When I got my first internship with the MTA in summer 2018, I got myself reassigned to the Civil Engineering department because I did not like working in a Manhattan office cubical and filing MetroCard complaints. One of the assignments of the Civil Engineers was to inspect ongoing subway station repairs. This meant I got to travel around New York City.
The way this relates to Cadogan’s walking experiences is that I did experience some of the things he mentioned. When Hakim, the Civil Engineer in charge of the inspections, brought me and another intern to the 145th street station in Harlem, I heard music playing loudly from the apartments and saw how most people living there were dark-skinned. I also saw the wealthy Upper East Side and how the residents were rarely seen hanging outside.
Our walking experiences are not entirely the same, of course. When I walk in a different neighborhood, I do not talk to people there because I do not have any interest in doing so. Also, a part of my perspective on the neighborhood is influenced by what I see online. For instance, when I wanted to go to Apple’s 5th Avenue store after work, I looked up directions on Google Maps and recognized the high-end clothing brands nearby. I knew the streets would probably be filled because of that and the fact that Central Park is 5 minutes away.
I think it is a well-thought-out idea to describe the differences between the South Bronx and the Upper East Side. I can certainly see how people in the Upper East Side have wealth, but don’t or can’t spend their leisure time with their neighbors. As for the South Bronx, it may not be an attractive neighborhood in terms of cleanliness, but it is rich in the way that the community gets together to have fun.

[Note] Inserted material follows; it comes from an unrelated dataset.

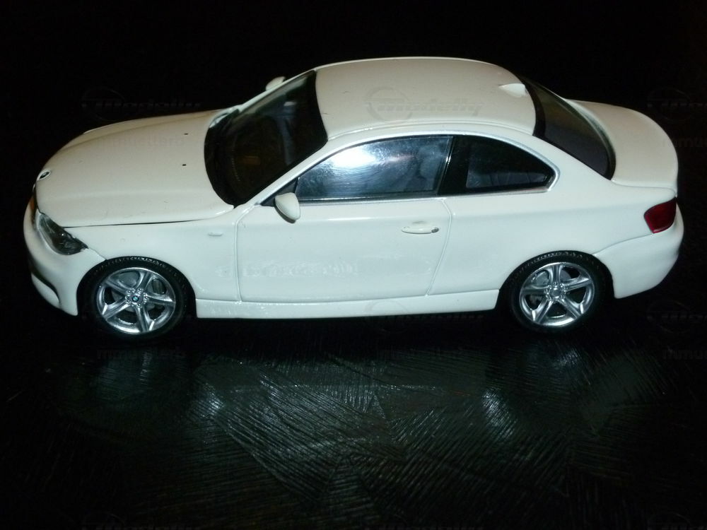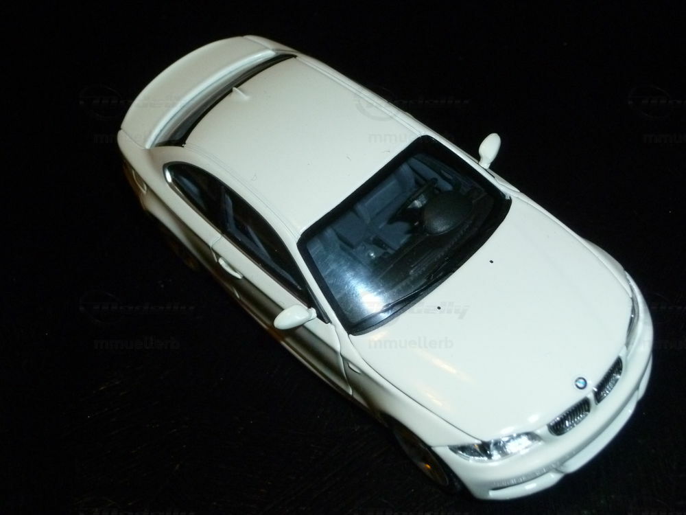 Dieses Modellauto im 1:43 Maßstab, hergestellt von Minichamps, ist ein perfektes Abbild des originalen BMW 1er Coupé. In der Sammlung des Modelly-Mitglieds "mmuellerb" spiegelt es alle charakteristischen Merkmale des Originals wider. Die sorgfältige Reproduktion des Karosseriedesigns zeigt deutlich die sportlichen Linien und die aggressive Frontpartie mit den ikonischen Doppelnieren-Grill. Die Lackierung in einem typischen Weißton verleiht dem Modell eine authentische Anmutung. Das Miniaturauto zeigt die breiten Rückleuchten und den eleganten Dachverlauf, der das Coupé-Design unterstreicht.

Yes, people should have a right to the city because they are the ones who inhabit it. They pay taxes that help the city develop, vote for the city’s representatives, and are responsible for the city’s culture.

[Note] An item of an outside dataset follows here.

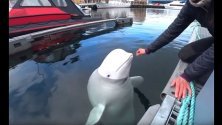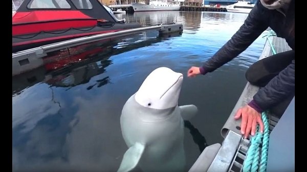 Кит белуга, заснет да си „играе“ с група южноафрикански фенове по ръгби, може да е избягал от руска военна шпионска програма.

Longtime residents and businesses have a right to remain where they live because of the reasons mentioned above. The documentary “My Brooklyn”, explores this by looking at gentrification in Downtown Brooklyn and how it caused the community to lose homes and businesses due to increasing property values and collusion between developers and government officials. The message of the documentary consists of the following; raise awareness to plans that could impact the neighborhood, make sure everyone involved is heard, and carefully examine developments unfolding in the community (Dean 2015).
The way local governments, urban planners, and other decision-makers can ensure these rights are maintained is by creating a government office that can accurately represent the community’s residency needs, create laws that protect tenants and housing rights, and not collude with an entity that wishes to undermine said rights. This sort of protection took place in the documentary “Citizen Jane: Battle for the City”, where Robert Moses, a public official, sparred with Jane Jacobs’ philosophy on urban development. Moses had a desire to remove “cancerous” parts of New York City and build large infrastructures in its place. Jane Jacobs, a woman who examined the neighborhood by living in it, disagreed with Moses and argued that the inhabitants of the city should have a say on what gets built in their community (Kenny 2017). Jacobs was maintaining the people’s rights by showing how Moses’ projects would affect the city negatively, creating a network of support, and rallying with residents until the projects were canceled.
Dean, Allison Lirish. My Brooklyn Study Guide. 2015. https://mybrooklynmovie.com/wp-content/uploads/2015/02/MYB-StudyGuideFINAL.pdf
Kenny, Glenn. “Review: Jacobs and Moses Star in ‘Citizen Jane: Battle for the City’.” The New York Times, The New York Times, 19 Apr. 2017, www.nytimes.com/2017/04/19/movies/citizen-jane-battle-for-the-city-review.html.